AI-Driven Metadata Enhancement for apcore-toolkit¶

This document outlines the strategy for using Small Language Models (SLMs) like Qwen 1.5 (0.6B - 1.7B) to enhance the metadata extracted by apcore-toolkit-python.

1. Goal¶

The toolkit's primary mission is to make existing code "AI-Perceivable". While static analysis (regex, AST) is efficient, it often fails to: - Generate meaningful description and documentation for legacy code. - Create effective ai_guidance for complex error handling. - Infer input_schema for functions using *args or **kwargs.

Using a local SLM allows the toolkit to "understand" the code logic and fill these gaps with high speed and zero cost.

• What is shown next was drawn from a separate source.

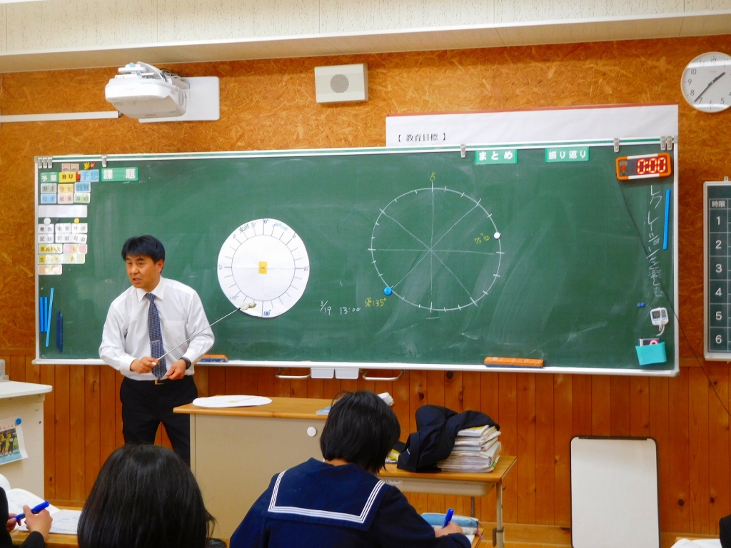 社会では「時差」の問題を円の絵を使い、わかりやすく教え合って取り組

2. Architecture: Local LLM Provider (Option B)¶

To keep apcore-toolkit-python lightweight, we DO NOT bundle model weights. Instead, we use an OpenAI-compatible local API provider (e.g., Ollama, vLLM, LM Studio).

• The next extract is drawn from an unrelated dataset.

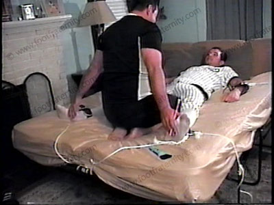 Addison’s slave, Sean, slips him a “mickey” in his drink & when Addison is passed out after a baseball game (still in uniform), Sean has Addison strapped to the bed. Sean begins taking revenge and ticking the socked feet and then the bare feet of Addison until he asks for mercy. Sean is jealous of the time Addison has with his new slave, Austin, so Sean does a full tickle scene on the feet and body of bound Addison! His hands also caress the body. Then Darren comes in at the end, so he and Sean can “double team” and tickle Addison even more! Three sensational views of a very hot TICKLE scene of poor, straight Addison being tormented and tickled. Addison struggles, but can’t get free from this tickle bondage.

Configuration via Environment Variables¶

The AI enhancement feature is controlled by the following environment variables:

Variable	Description	Default
`APCORE_AI_ENABLED`	Whether to enable SLM-based metadata enhancement.	`false`
`APCORE_AI_ENDPOINT`	The URL of the OpenAI-compatible local API.	`http://localhost:11434/v1`
`APCORE_AI_MODEL`	The model name to use (e.g., `qwen:0.6b`).	`qwen:0.6b`
`APCORE_AI_THRESHOLD`	Confidence threshold for AI-generated metadata (0-1).	`0.7`

3. Recommended Setup (Ollama)¶

For the best developer experience, we recommend using Ollama:

Install Ollama.
Pull the recommended model:
```
ollama run qwen:0.6b
```

Configure environment:

export APCORE_AI_ENABLED=true
export APCORE_AI_MODEL="qwen:0.6b"

4. Enhancement Workflow¶

When APCORE_AI_ENABLED is set to true, the Scanner will:

Extract static metadata from docstrings and type hints.
Identify missing fields (e.g., empty description or missing ai_guidance).
Send code snippets to the local SLM with a structured prompt.
Merge the AI-generated metadata into the final ScannedModule, marking them with a x-generated-by: "slm" tag for human audit.

5. Security and Privacy¶

No Data Leakage: Since the model runs locally, your source code never leaves your machine.
Auditability: All AI-generated fields MUST be reviewed by the developer before committing the generated apcore.yaml.